» **Recorded data**:
"""

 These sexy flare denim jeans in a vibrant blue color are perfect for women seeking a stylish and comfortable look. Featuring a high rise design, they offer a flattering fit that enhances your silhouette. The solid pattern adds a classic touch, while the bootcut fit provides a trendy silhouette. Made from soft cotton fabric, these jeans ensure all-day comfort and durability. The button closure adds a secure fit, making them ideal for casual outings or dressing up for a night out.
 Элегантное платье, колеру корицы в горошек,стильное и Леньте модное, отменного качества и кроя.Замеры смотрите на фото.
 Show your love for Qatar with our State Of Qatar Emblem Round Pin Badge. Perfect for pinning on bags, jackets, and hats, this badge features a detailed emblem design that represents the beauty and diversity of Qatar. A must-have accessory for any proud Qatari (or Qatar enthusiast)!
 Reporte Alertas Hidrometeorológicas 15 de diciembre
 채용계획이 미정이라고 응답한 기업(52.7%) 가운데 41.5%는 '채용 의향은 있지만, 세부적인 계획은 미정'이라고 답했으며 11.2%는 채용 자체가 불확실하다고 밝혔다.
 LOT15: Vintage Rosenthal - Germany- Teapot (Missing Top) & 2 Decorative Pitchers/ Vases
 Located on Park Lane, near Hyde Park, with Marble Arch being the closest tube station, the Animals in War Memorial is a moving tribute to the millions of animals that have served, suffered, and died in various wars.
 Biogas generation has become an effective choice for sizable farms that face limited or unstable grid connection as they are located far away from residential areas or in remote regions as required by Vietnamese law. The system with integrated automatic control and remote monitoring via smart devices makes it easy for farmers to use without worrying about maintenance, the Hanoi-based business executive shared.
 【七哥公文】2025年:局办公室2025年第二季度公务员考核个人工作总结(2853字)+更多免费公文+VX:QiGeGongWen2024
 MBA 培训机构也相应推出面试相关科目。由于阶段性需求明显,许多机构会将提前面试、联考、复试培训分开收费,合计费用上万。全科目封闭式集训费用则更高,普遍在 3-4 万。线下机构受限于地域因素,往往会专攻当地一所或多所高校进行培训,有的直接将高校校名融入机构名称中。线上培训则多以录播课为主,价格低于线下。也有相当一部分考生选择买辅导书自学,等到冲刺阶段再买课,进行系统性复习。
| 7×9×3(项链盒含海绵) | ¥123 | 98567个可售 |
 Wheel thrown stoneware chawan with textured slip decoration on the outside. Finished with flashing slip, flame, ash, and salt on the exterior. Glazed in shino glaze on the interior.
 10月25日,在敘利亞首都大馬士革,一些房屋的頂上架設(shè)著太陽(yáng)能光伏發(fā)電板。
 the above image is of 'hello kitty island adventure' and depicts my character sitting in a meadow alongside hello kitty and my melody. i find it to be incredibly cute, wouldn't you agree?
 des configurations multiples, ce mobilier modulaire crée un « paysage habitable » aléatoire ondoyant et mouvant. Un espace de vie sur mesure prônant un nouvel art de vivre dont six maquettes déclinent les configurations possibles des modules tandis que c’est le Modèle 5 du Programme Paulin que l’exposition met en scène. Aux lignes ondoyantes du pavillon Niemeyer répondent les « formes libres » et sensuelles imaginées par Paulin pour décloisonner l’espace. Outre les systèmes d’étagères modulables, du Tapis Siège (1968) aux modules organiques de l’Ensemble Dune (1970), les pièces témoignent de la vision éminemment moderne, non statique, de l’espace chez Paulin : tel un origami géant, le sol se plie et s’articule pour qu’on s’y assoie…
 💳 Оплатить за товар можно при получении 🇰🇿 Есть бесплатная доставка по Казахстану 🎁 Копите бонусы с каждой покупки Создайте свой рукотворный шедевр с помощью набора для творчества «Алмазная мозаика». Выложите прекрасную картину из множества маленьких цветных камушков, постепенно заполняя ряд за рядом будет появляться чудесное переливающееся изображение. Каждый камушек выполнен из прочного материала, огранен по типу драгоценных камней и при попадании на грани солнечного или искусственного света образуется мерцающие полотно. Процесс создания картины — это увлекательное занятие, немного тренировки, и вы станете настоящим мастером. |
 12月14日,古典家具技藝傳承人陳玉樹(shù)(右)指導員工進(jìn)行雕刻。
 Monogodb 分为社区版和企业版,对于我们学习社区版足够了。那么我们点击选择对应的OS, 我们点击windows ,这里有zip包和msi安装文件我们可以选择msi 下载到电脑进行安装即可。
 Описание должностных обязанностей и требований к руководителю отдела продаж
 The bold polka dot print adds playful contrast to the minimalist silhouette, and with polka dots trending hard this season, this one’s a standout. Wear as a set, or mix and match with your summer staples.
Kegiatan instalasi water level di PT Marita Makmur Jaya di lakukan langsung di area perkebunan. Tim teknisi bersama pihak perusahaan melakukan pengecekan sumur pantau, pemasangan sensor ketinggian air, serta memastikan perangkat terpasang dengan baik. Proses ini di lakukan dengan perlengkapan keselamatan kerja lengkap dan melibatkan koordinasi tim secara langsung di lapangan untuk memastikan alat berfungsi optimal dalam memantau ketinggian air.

"""

» **Task**: Above are the records; copy exactly the lines from the line with "10月25日,在敘利亞首都大" through the line with "the above image", both included.

» **Exercise response**:
 10月25日,在敘利亞首都大馬士革,一些房屋的頂上架設(shè)著太陽(yáng)能光伏發(fā)電板。
 the above image is of 'hello kitty island adventure' and depicts my character sitting in a meadow alongside hello kitty and my melody. i find it to be incredibly cute, wouldn't you agree?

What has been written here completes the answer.